Fanny Howe accounts for her life, and poetry, with poetry.
Fanny Howe (1940-2025) was the author of some 13 poetry collections, five novels, and numerous short stories and essays. Her collection Second Childhood: Poems (2014) was a finalist for the National Book Award. Her Selected Poems received the 2001 Lenore Marshall Poetry Prize, and she received the Ruth Lilly Poetry Prize in 2009.
Shortly before her death in 2025, Howe completed another manuscript, This Poor Book: A Poem. It is and isn’t a poem. It is and isn’t a poetry collection. It is and isn’t a memoir, an autobiography, a poetic essay. It is one of the most unusual works I’ve read.

Fanny Howe
What Howe did to create This Poor Book was cull all her poetry collections, add new poems and transitions, and then assemble them into a cohesive whole that tells a story. That story is not a straightforward narrative. At times, I thought I was reading a work of magic realism. Or perhaps it was a transcription of an extended dream, because it has a dreamlike quality to it. Howe has also added some autobiographical elements, suggested by the almost continuous first-person voice. At times the text seems almost feverish, a stream of consciousness account of childhood, war, upheaval, personal relationships, children, and eventually a facing of the end of life.

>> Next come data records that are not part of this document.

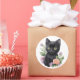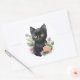Cute Black Cat Floral Whimsical Classic Round Sticker
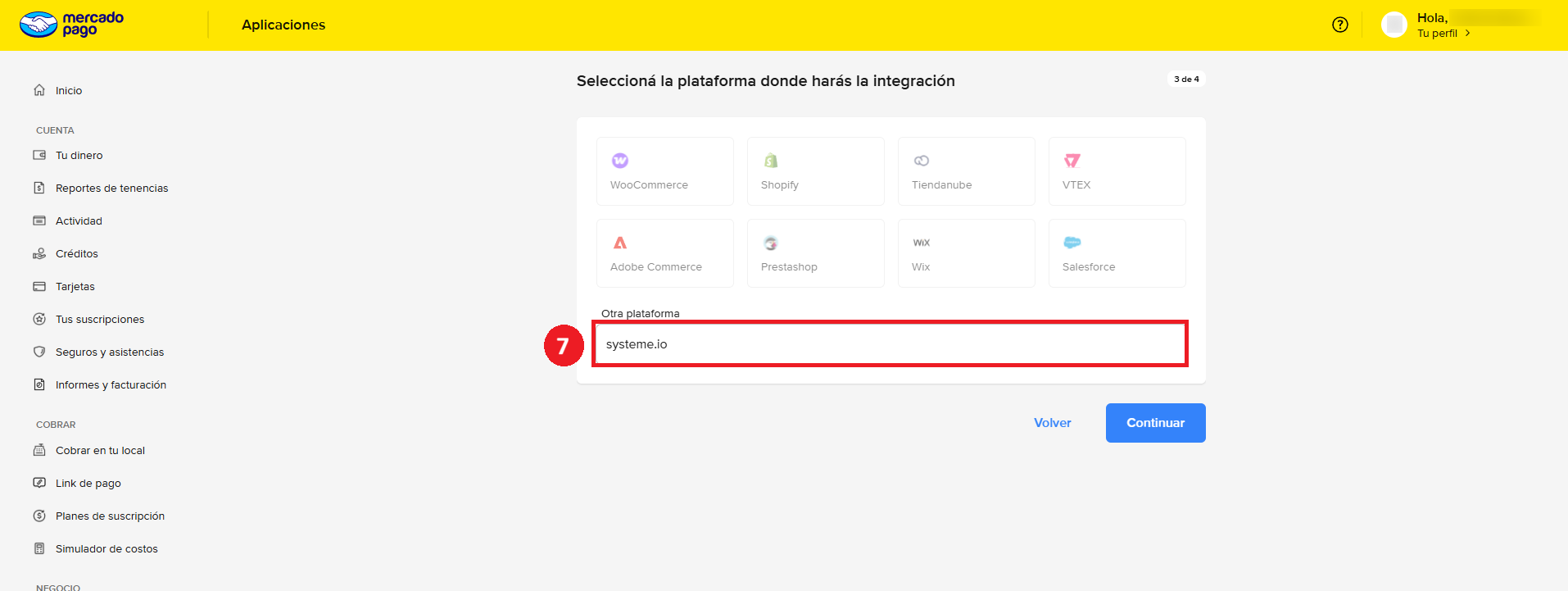 - En Selecciona la plataforma donde realizarás la integración, elige "Otras plataformas" (7).
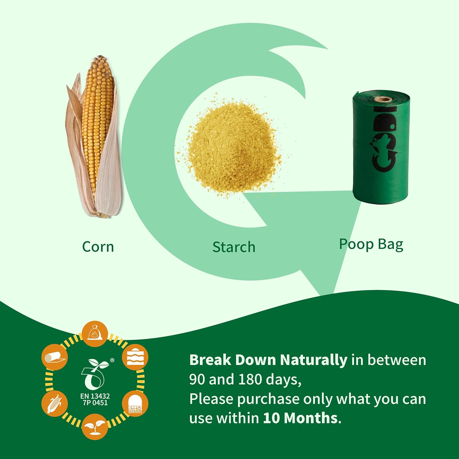 - š± ECO-friendly materials: Codirom dog poop bags are made of corn, vegetable oil, and PBAT (a fully compostable polymer). Keep the bags away from heat sources and store in a cool, dry place. The available time of compostable bags is nearly 12 months, so purchase only that will be used within 10 months.
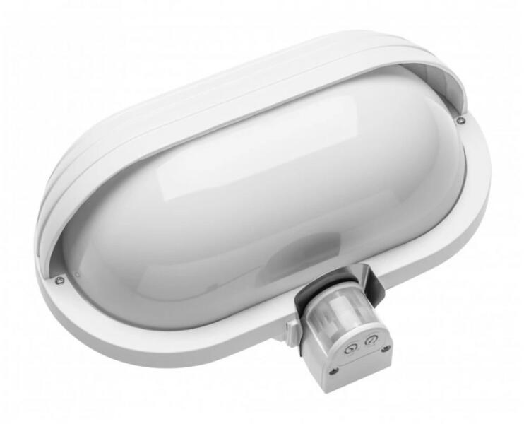 Ovális alakú homlokzati lámpatest, mozgásérzékelővel. Időzítő 3-10 perc között állítható, 1,8-2 m távolságról érzékel. Működési hőmérséklet: -20 - +40°C Teljesítmény: 60W Feszültség: 220-240V Foglalat: E-27 Védettség: IP40 Anyaga: Műanyag Mérete:270x150x110mm
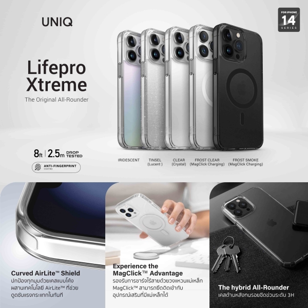 • รุ่น LIFEPRO XTREME และ รุ่น LIFEPRO XTREME (MagClick Charging) ออกแบบมาให้มีความเงาใส น้ำหนักเบาและบางเป็นพิเศษ เคสด้านหลังผลิตจากวัสดุ PC มาตรฐานป้องกันรอยขีดข่วนระดับ 3H ส่วนขอบกันกระแทกผลิตจากวัสดุ TPU ผสานการปกป้องขั้นสุดด้วยเทคโนโลยี AirLite™ ช่วยปกป้องไอโฟนและดูดซับแรงกระแทกรอบด้านทั้ง 4 มุมได้อย่างเต็มประสิทธิภาพ พร้อมเพิ่มความปลอดภัยให้เลนส์ด้วยขอบรอบเลนส์ยกสูง ผ่านการทดสอบว่าสามารถรองรับแรงกระแทกจากการตกจากที่สูงได้ถึง 8 ฟุต (2.5 เมตร) เคสรุ่น LIFEPRO XTREME (MagClick Charging) รองรับการชาร์จไร้สายด้วยวงแหวนแม่เหล็ก MagClick™ รวมถึงสามารถยึดติดเข้ากับอุปกรณ์เสริมที่มีแม่เหล็กแบบต่างๆได้ UNIQ รุ่น LIFEPRO XTREME มี 3 สี ได้แก่ สี CLEAR (Crystal) วางจำหน่ายในราคา 750 บาท สี TINSEL (Lucent) และ สี IRIDESCENT วางจำหน่ายในราคา 850 บาท รุ่น LIFEPRO XTREME (MagClick Charging) มี 2 สี ได้แก่ สี FROST CLEAR และ สี FROST SMOKE วางจำหน่ายในราคา 990 บาท
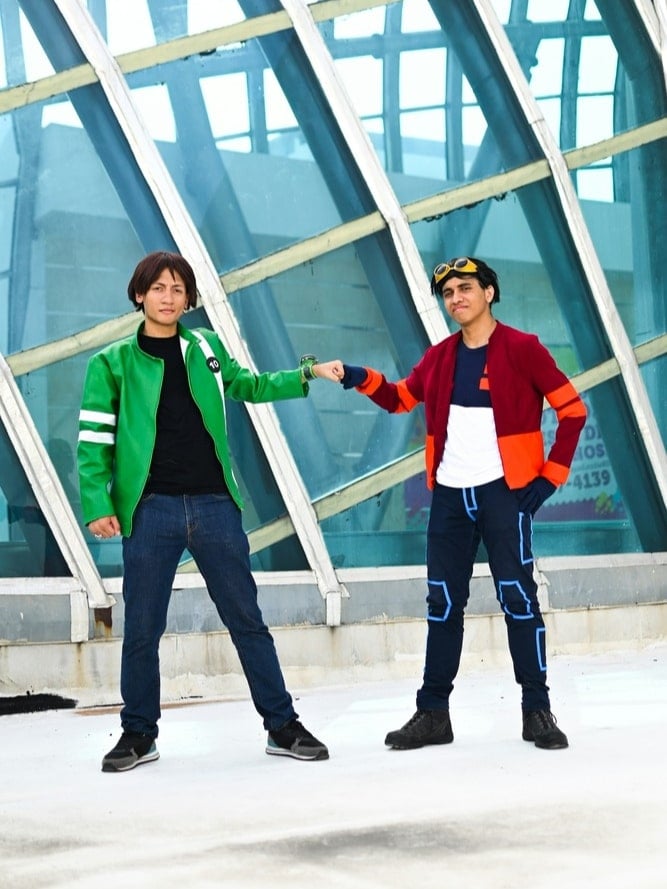 Tag de to mænd og placer dem i de nøjagtige stillinger som manden i grønt, der bærer manden i rødt. Bevar deres identiteter, kropsproportioner og tøjdetaljer. Sørg for, at stillingen er naturlig og realistisk med ensartet belysning, skygger og perspektiv. Fotorealistisk resultat i høj opløsning.
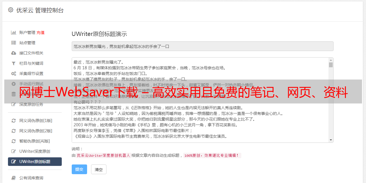优采云 发布时间: 2020-08-24 20:35网博士WebSaver下载 – 高效实用且免费的笔记、网页、资料搜集管理软件

The suggestion of magic realism is no accident. Some critics have compared her work to South American poets who make use of magic realism techniques. Images of Gabriel Garcia Marquez’s novel One Hundred Years of Solitude and Mario Vargas Llosa’s Conversation in the Cathedral kept coming to mind as I read This Poor Book. This connection was not about content but more about technique.
When Howe subtitled this “A Poem,” she was being deliberate. The work is one extended poem. There are no titles, section breaks, or Roman numerals or numbers to serve as guideposts. There are only spaces between sections of texts.
The result is one long flow of narrative, because she is telling a story, her story, but it is not a straightforward account. Howe includes memories, reflections, recollections, and impressions, adding to the dreamlike quality. What becomes clear is that she is creating an account of her life, using her poems as the essential text.
Hell changed its plans
And came in the middle
Instead of the end.
This was a good thing
For the burning of karma.
I lay down my life
First for the third time.
Then not the second
But finally ready
To embrace layers all at once.
Fever for medicine
The parting of layers never.
Because my secret wedding
Was enduring and the rest
Was not—I think disclosure
Is dangerous.
What is heavier than lead?
The need for bread.
What s crueler than a boss?
The need for praise.
What is shorter than a step?
An indrawn breath.
My secret wedding was to whom?
A promise not a human.
You can glean specific details – a failed relationship, a secret wedding – but she moves the narrative into speculations, as if she’s admitting or describing something and them moves quickly to conceal it. And you wonder if you’re reading the work of a poet or a magician.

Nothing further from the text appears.